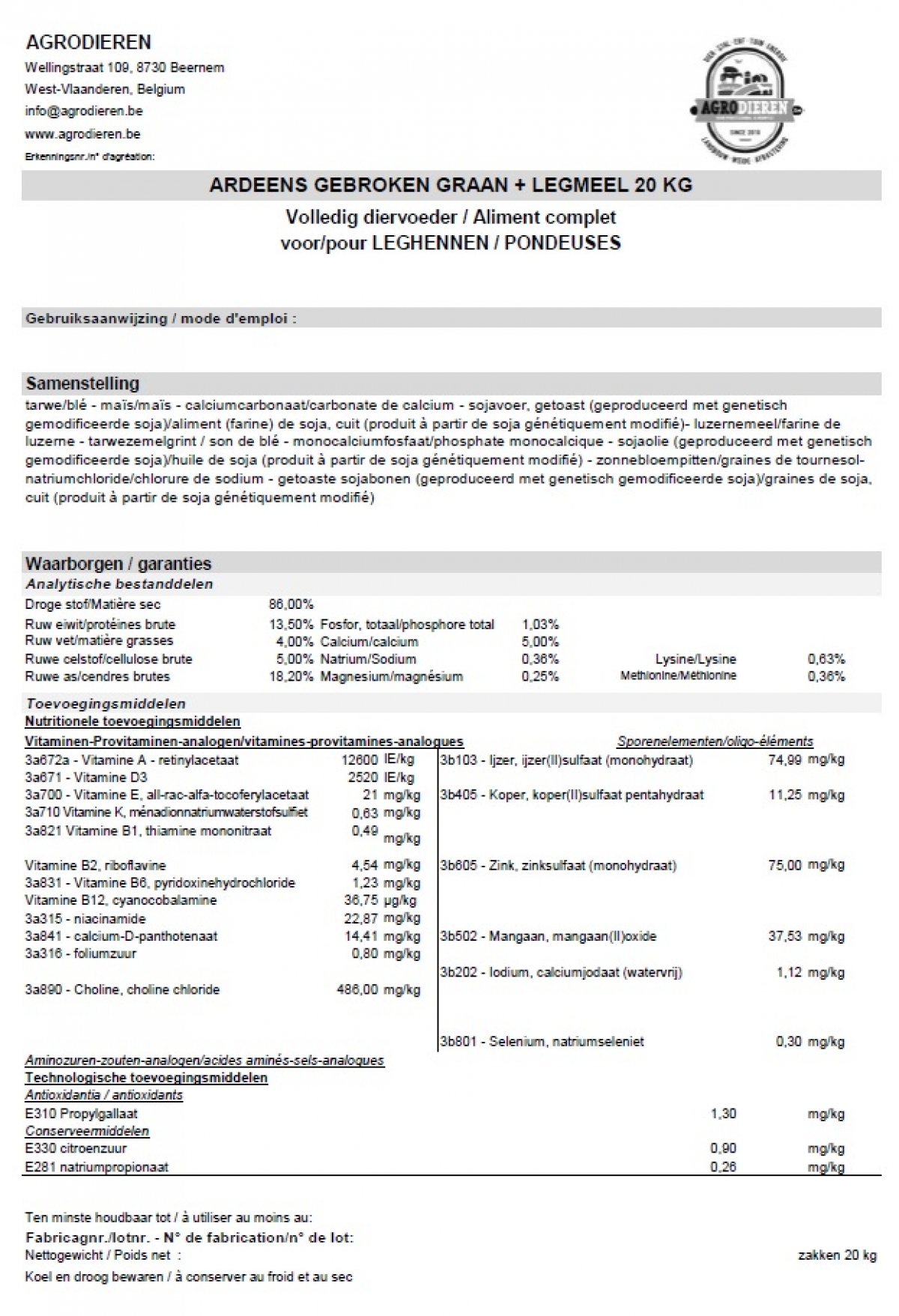 Melange poules d'ardennes casse avec farine poules pondeuses - 20 kg - ( 50 pc/palette ) ARDEENGEBRLEGMEE-20KG-50
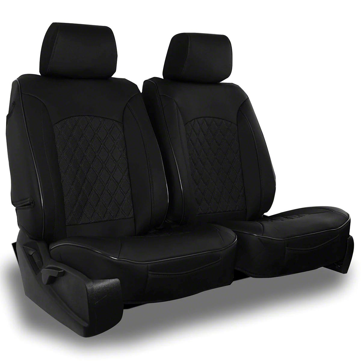 Aegis Cover Leatherette Low Back Bucket Seat Covers with Suede Diamond Insert; Black/Black Piping (Universal; Some Adaptation May Be Required)
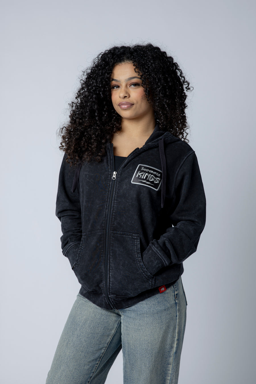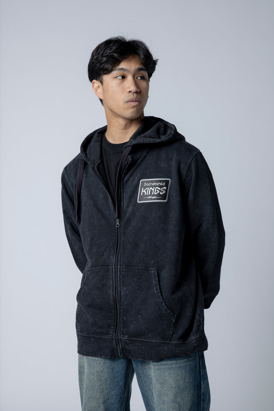 Introducing our Kings Lighting Full Zip by Sportiqe. Crafted from a soft, washed black fabric with a lived-in feel, this full-zip hoodie features a subtle Sacramento Kings patch on the left chest for a clean, vintage-inspired look.

───

→ REQUIREMENT: Repeat the data verbatim, excluding all pictures.

→ FINISHED TASK:
 Melange poules d'ardennes casse avec farine poules pondeuses - 20 kg - ( 50 pc/palette ) ARDEENGEBRLEGMEE-20KG-50
 Aegis Cover Leatherette Low Back Bucket Seat Covers with Suede Diamond Insert; Black/Black Piping (Universal; Some Adaptation May Be Required)
 Introducing our Kings Lighting Full Zip by Sportiqe. Crafted from a soft, washed black fabric with a lived-in feel, this full-zip hoodie features a subtle Sacramento Kings patch on the left chest for a clean, vintage-inspired look.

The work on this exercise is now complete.